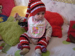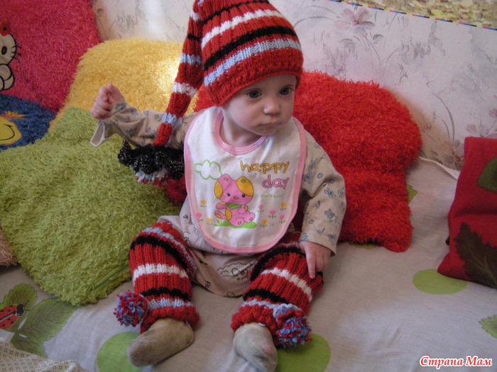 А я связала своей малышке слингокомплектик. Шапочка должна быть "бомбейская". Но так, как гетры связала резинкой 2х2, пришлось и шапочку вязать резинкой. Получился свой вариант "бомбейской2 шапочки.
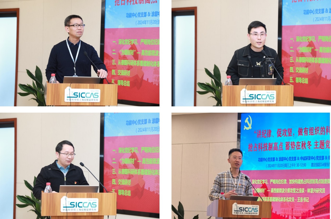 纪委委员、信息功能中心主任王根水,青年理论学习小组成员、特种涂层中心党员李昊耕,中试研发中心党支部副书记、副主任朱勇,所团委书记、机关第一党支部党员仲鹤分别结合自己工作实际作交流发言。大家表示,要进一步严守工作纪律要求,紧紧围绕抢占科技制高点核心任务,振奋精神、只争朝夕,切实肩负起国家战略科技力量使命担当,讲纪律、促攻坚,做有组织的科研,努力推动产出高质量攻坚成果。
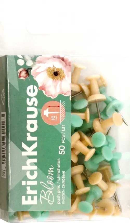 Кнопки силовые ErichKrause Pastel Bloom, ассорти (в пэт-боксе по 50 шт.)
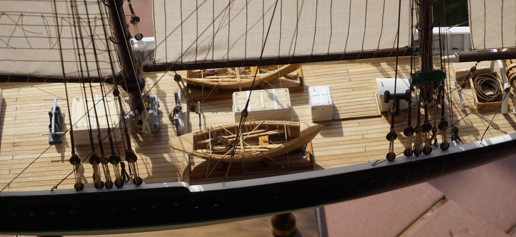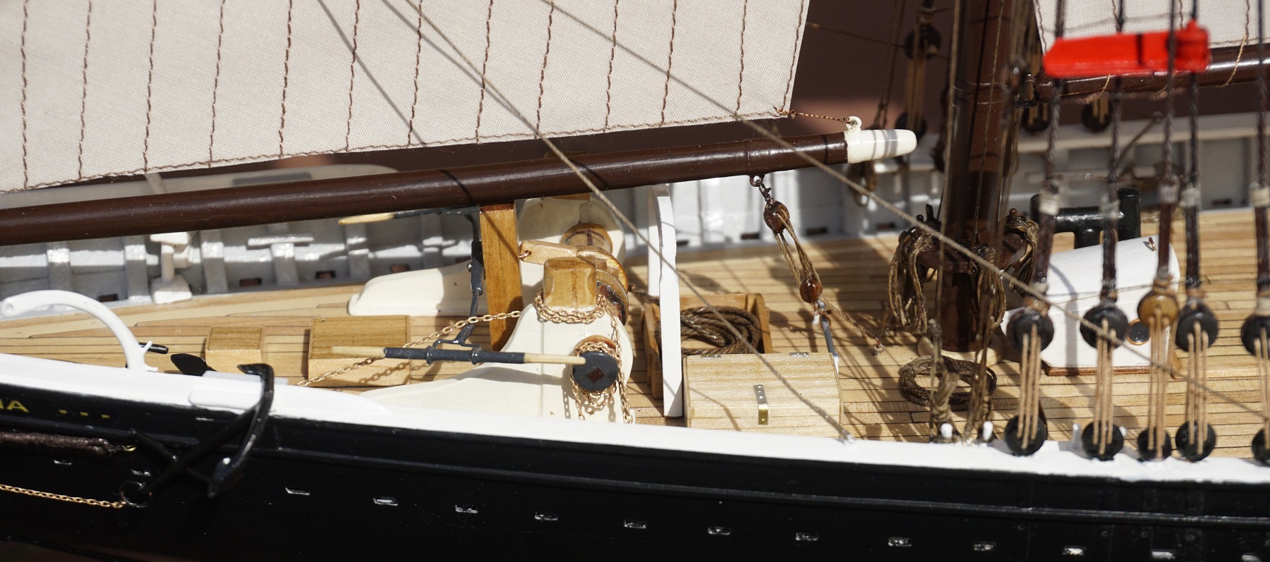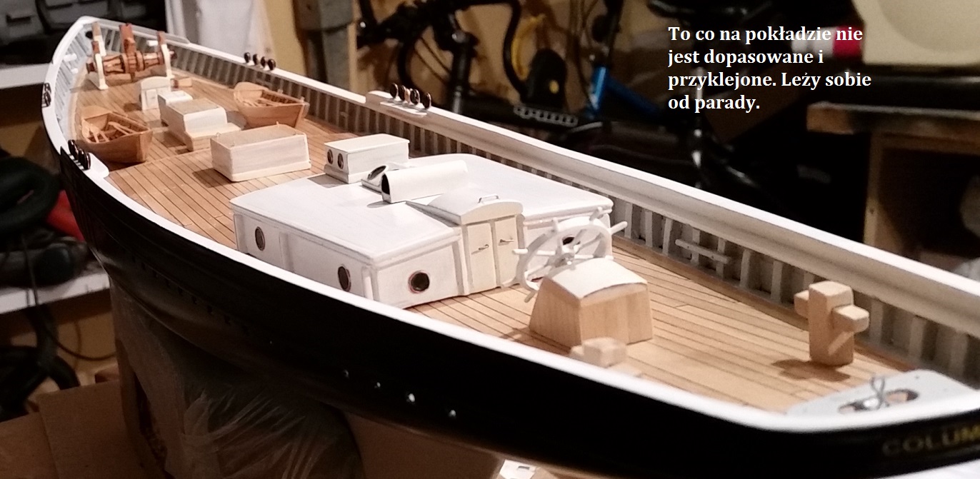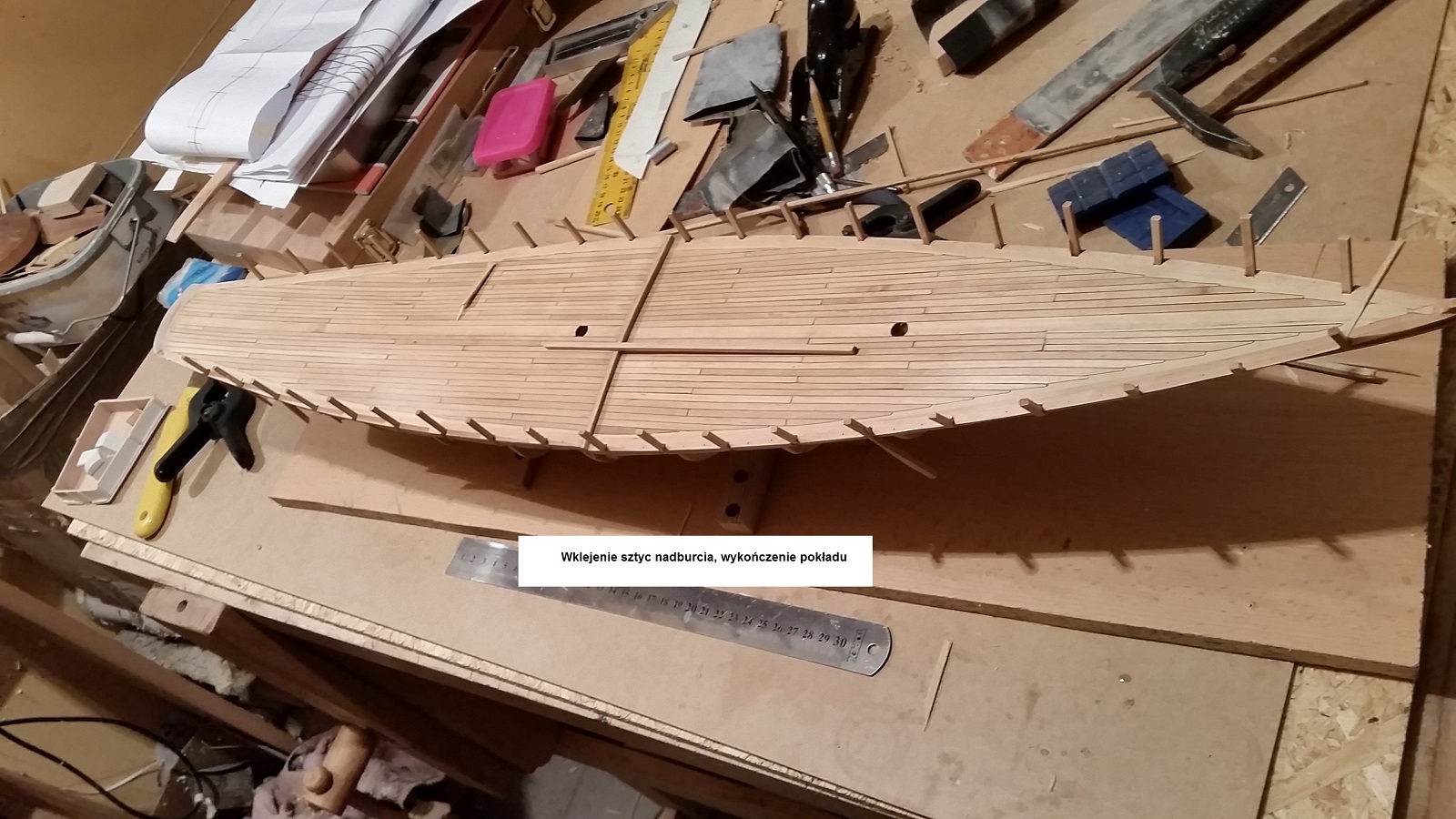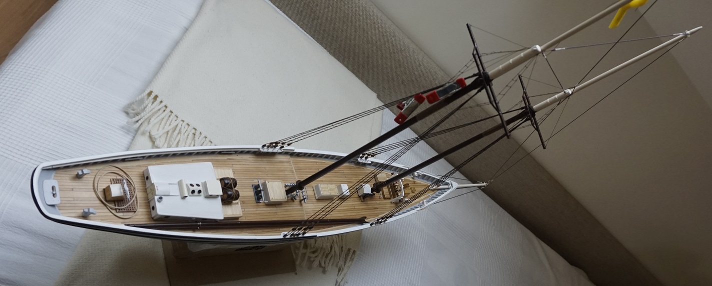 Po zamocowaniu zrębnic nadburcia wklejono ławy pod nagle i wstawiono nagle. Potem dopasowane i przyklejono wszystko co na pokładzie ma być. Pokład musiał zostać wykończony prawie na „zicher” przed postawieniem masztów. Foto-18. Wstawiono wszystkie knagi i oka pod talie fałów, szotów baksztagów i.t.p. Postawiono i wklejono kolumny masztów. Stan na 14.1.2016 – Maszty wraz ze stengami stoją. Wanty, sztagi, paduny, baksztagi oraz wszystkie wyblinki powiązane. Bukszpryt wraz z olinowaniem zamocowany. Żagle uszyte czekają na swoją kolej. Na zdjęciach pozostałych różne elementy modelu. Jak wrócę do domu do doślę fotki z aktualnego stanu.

--------------------------------

## EXERCISE REQUIREMENTS
With the pictures left out, copy exactly the lines from the one containing "Кнопки силовые ErichKrause" through the last line of the data.

## ANSWER TO THIS EXERCISE
 Кнопки силовые ErichKrause Pastel Bloom, ассорти (в пэт-боксе по 50 шт.)
 Po zamocowaniu zrębnic nadburcia wklejono ławy pod nagle i wstawiono nagle. Potem dopasowane i przyklejono wszystko co na pokładzie ma być. Pokład musiał zostać wykończony prawie na „zicher” przed postawieniem masztów. Foto-18. Wstawiono wszystkie knagi i oka pod talie fałów, szotów baksztagów i.t.p. Postawiono i wklejono kolumny masztów. Stan na 14.1.2016 – Maszty wraz ze stengami stoją. Wanty, sztagi, paduny, baksztagi oraz wszystkie wyblinki powiązane. Bukszpryt wraz z olinowaniem zamocowany. Żagle uszyte czekają na swoją kolej. Na zdjęciach pozostałych różne elementy modelu. Jak wrócę do domu do doślę fotki z aktualnego stanu.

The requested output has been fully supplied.